Development Workflow
Create a feature branch from the main development branch
Make changes to the code
Run focused tests frequently during development:
cd testing/ && ./focused_validation_suite.sh
Run comprehensive tests before committing:
cd testing/ && ./comprehensive_validation_suite.sh
Document performance improvements in commit messages
Submit pull request with test results
Code Organization
Key source files:
discoal_multipop.c: Main program entry and command-line parsingdiscoalFunctions.c: Core simulation functionsalleleTraj.c: Allele trajectory calculations for sweepsancestrySegment.c: Memory-efficient ancestry trackingactiveSegment.c: Active material trackingdiscoal.h: Main header with data structures
Memory Optimizations
Recent optimizations have achieved significant memory reductions:
Dynamic allocation for all major arrays
Segment trees for ancestry tracking (80% reduction)
Reference counting for segment sharing (10-16% additional reduction)

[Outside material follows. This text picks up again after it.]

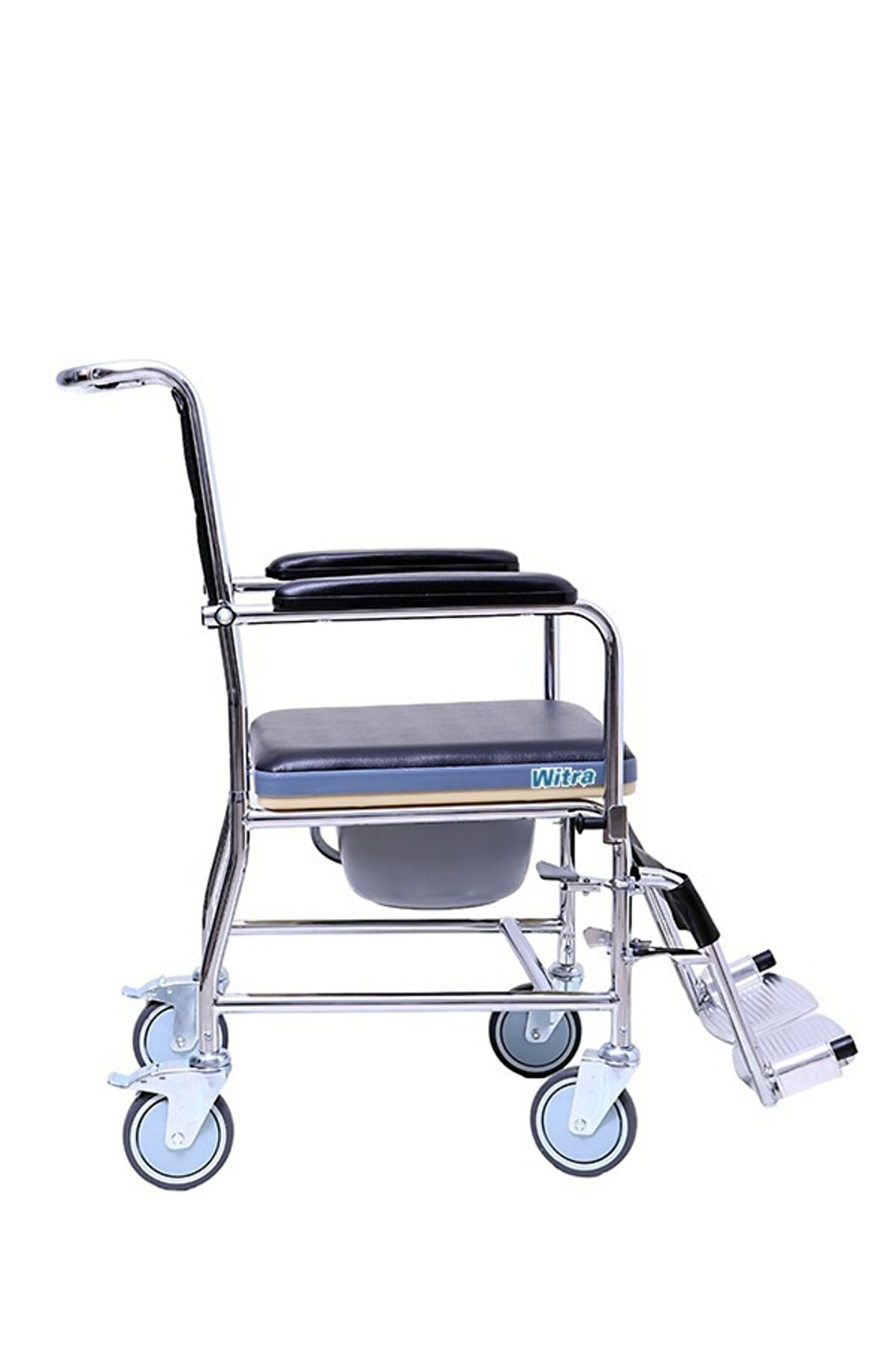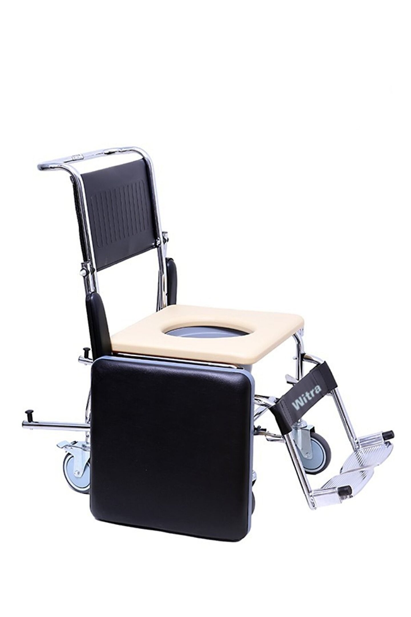 Banyo ve Tuvalet Sandalyesi Genel Özellikleri Witra lazımlıklı tekerlekli sandalye, çıkartılabilen ayaklıklara sahip olması sayesinde kullanıcı istediği takdirde ayaklıkları kolaylıkla çıkartıp takabilmekle beraber çıkarıldığında ekstradan depolamak için yer tasarrufu sağlar. Oturma yeri yüksekliği sayesinde, altındaki lazımlık çıkartılarak standart klozetlere yanaşma imkânı da sunan Witra banyo tuvalet sandalyesi, tekerleklerinin kilitlenmesine ve sandalyeyi sabitlemeye imkan vermektedir. mindere sahip olan Witra engelli tuvalet sandalyesi beraber oluşabilecek mantar, bakteri, istenmeyen koku problemlerini ortadan kaldırır. Paslanmaz şase ile suya karşı dayanıklı bir klozetli tekerlekli sandalye modeli olan Witranın lazımlık kısmı çok basit bir sürgülü sistemden oluşmaktadır ve kullanıcı veya refakatçi hiçbir zorluk çekmeden lazımlığı dilediği gibi takıp çıkarabilmektedir. Katlanabilir şase ; Çıkartılabilen ayaklıklar ; Hareketli kolçaklar ; Frenli sistem tekerlekler ; ve su geçirmez oturma minderi ; Paslanmaz şase ; Refakatçi kolları ;

AVL tree indexing for high-recombination scenarios
Memory-mapped files for sweep trajectories
When developing, maintain these optimizations and ensure new features don’t regress memory usage.
Documentation
To build the documentation locally:
cd docs/
make html
View the built documentation:
open _build/html/index.html # macOS
xdg-open _build/html/index.html # Linux
Before submitting changes, ensure documentation is updated for any new features or parameter changes.